The council is, by design, a deliberative legislative body. We do our business in public, hold public hearings, conduct our meetings at set times, televise our proceedings and publish public agendas in advance. The cost of our transparent, predictable processes is a lack of speed. Nothing moves very quickly through the Minneapolis City Council.

The mayor, by contrast, is an executive, much less encumbered by process. The mayor can be decisive and can fulfill duties largely behind closed doors.

I am inclined to believe that shifting legislative authority to the City Council would increase transparency and public access to decisionmaking. Right now, policy decisions can be made between the mayor and the police chief in a backroom. The council can hold public discussion on police-related issues, but the chief has no formal obligation to attend our discussions in person or to enact policies recommended by the City Council.

Many of the people who have contacted me about this issue have incorrectly asserted that the council already has legislative authority over the Police Department.
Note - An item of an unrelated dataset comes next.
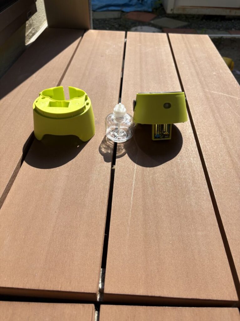 そんなときに出会ったのが薬液ボトルを専用の超音波振動式噴霧器に取り付けて使う電池式蚊取り器「KAKOI」です。

The current charter clearly states that we do not. We can make recommendations, and use the budget for leverage, but cannot enact policy.

Most of the constituents who call my office about police policy are asking me to change it — not asking me to politely ask the mayor to change it. Shifting policymaking authority to the council would bring public safety discussions out of the backroom and into the daylight and align the charter better with what, in my experience, many residents already assume it says.

I am also inclined to believe that the mayor should retain executive authority — that the chain of command should end with the mayor. The Police Department is different from other departments. High-stakes decisions regularly have to be made very quickly, and the consequences of inaction are sometimes high. Situations where lives are at risk or that have huge, immediate public consequences can't wait for a committee cycle. Keeping the mayor in a strong executive role overseeing the police ensures that an elected civilian is involved in police oversight.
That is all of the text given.